Резковатый в движениях Антон выпрямился, с лаской посмотрел на своего друга — рубаху-парня, и увидел крепко разбитые олочки на ногах Гришуни: мягкая трава — ула высовывалась из разъехавшихся швов.
— Ты уже давно здесь? Олочи все износил…
— Олочи разбиты? — Гришуня рассмеялся, но глаза его оставались серьезными. — Нитки, хоть и капрон, да не сохатины жилы. Кожу рвут, проклятые. В городе олочи тачали. А сам и месяца здесь не шастаю. Мне, сам понимаешь, панты совсем не нужны. Случайно время совпало. А в какой ключик мясо снесешь? День жаркий будет.

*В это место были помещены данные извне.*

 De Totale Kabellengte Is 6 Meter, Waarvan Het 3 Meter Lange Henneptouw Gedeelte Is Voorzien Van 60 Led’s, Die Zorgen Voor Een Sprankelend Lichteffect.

— Внизу. Вон там, в зарослях лещины.
Гришуня подумал было, что есть родник и поближе к балагану Комолова, да решил промолчать. Многознайство требует объяснений, а этого Гришуне совсем не хотелось. Главное — парень привязался к нему крепко.

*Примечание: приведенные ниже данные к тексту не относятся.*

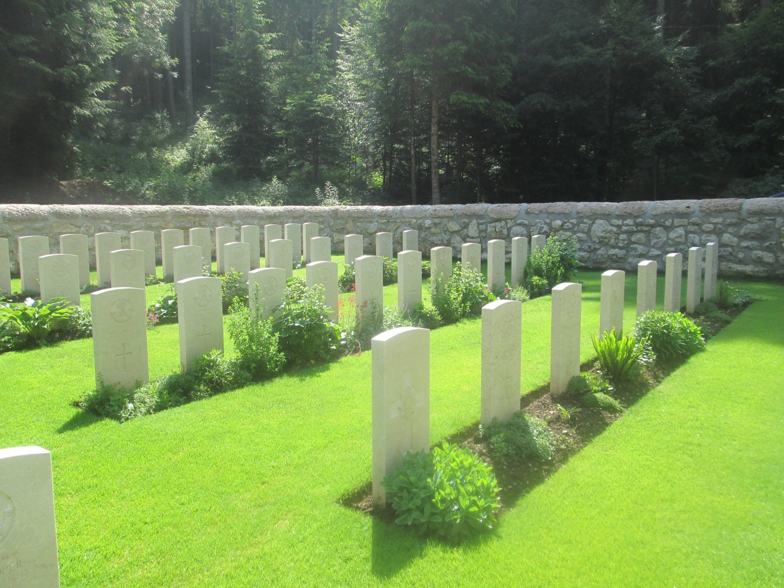 Superato un piccolo ponte, si lascia la ex ferrovia e si imbocca a sinistra una stradina che si collega con la strada che sale verso il rifugio Boscon. Si sale quindi verso destra sulla sterrata principale, dove si incontrano prima il cimitero inglese e quindi il rifugio Boscon.

— Я лишние олочи с собой в запас взял. Вот и подарю их тебе. Я сам шил, без капрона. Не разойдутся по швам. Для милого дружка и сережка из ушка, — стараясь подделываться под манеру Гришуни говорить присловьями, добавил Комолов.
II
Лишь на восьмой день, а не на пятый, как предполагал участковый инспектор Шухов, вышел он к Хребтовой. Проводник Семена Васильевича, старый удэгеец Дисанги, не рассчитал своих сил. Инспектор предполагал, что Дисанги поможет ему разобраться в деле о потаенных кострах браконьера в заказнике, замеченных звероловом Шаповаловым. Теперь оставалось надеяться только на молодого охотника Антона Комолова, промышлявшего по соседству с заказником. Егерь здешних угодий, Федор Фаддеевич Зимогоров, друг Шухова и общественный инспектор райотдела, находился в другом конце района.
Семену Васильевичу приходилось пока рассчитывать больше всего на себя. И то хорошо — Дисанги решил во что бы то ни стало провести инспектора по старой тропе через болото.

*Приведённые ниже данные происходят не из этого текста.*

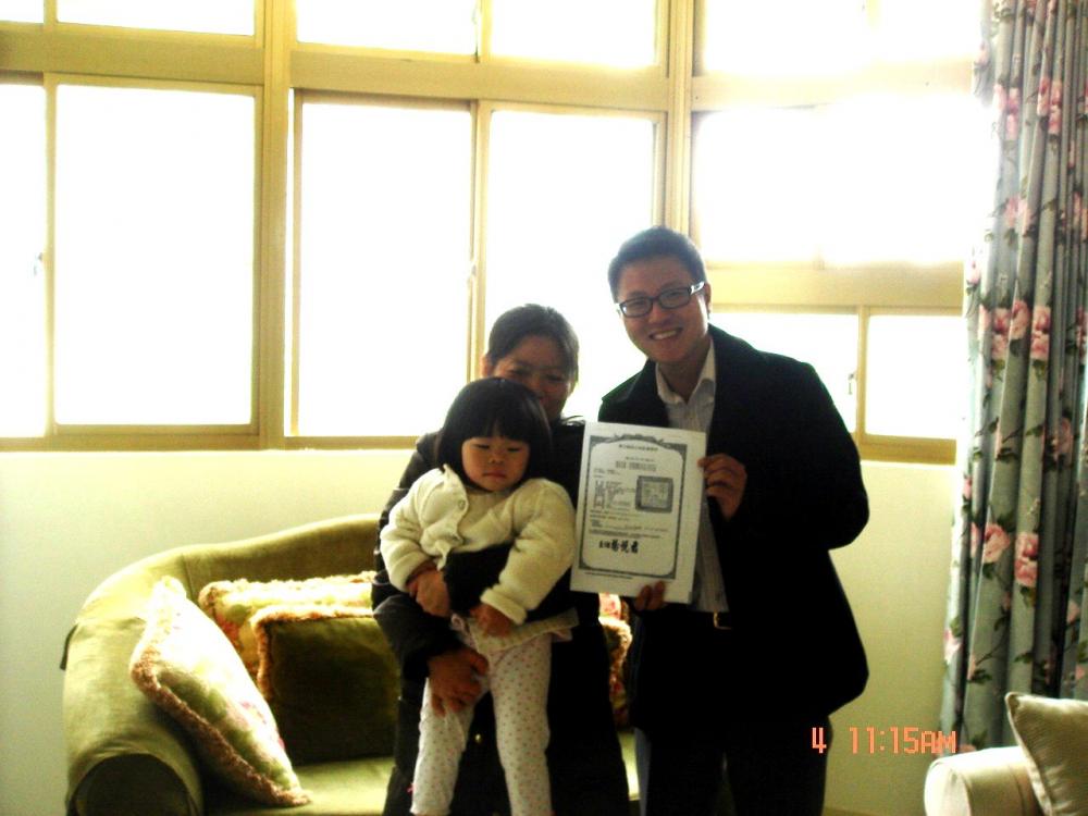 與得標人合影(交付權狀及全家合影)

— Видишь — нельзя тут пройти к Хребтовой, чтоб тебя не приметили, — сказал Дисанги, кивая в сторону лысых вершин — гольцов. — Только низом, болотом.
— Вижу, Дисанги. Понял.
Семен достал чертеж, который передал ему Ефрем Шаповалов, и понял — браконьер тоже был здесь или совсем рядом. Нанесенные им очертания сопок совпадали. Увалы Хребтовой выглядели дикими. И только в стороне виднелась струйка дыма, одинокая, беззащитная. То табор Антона Комолова.
— День-два, и я все точно узнаю, — сказал Семен и обернулся к Дисанги. Но того не оказалось рядом. Старик лежал на барсучьих шкурках у комля могучего флагового кедра, верхушка которого была расщеплена молнией. Удэгеец осунулся, закрытые глава ввалились, а сквозь дряблую кожу как бы проступили очертания черепа.
— Загнал я тебя, Дисанги… — присев около старца, виновато пробормотал инспектор.
— Я старый и плохой охотник.
— Ну, конечно, не молодой человек…
— Человек — охотник. Нет охотника — нет человека.
— Зачем так, Дисанги? Колхоз даст тебе пенсию. Ты честно заработал ее.
— Зачем волочить свою жизнь, как раненый кабан кишки, — очень тихо и просто сказал Дисанги, не открывая глаз.
— Будет костер, будет чай, и все будет отлично.
— Нельзя костер жечь. Он увидит — насторожится.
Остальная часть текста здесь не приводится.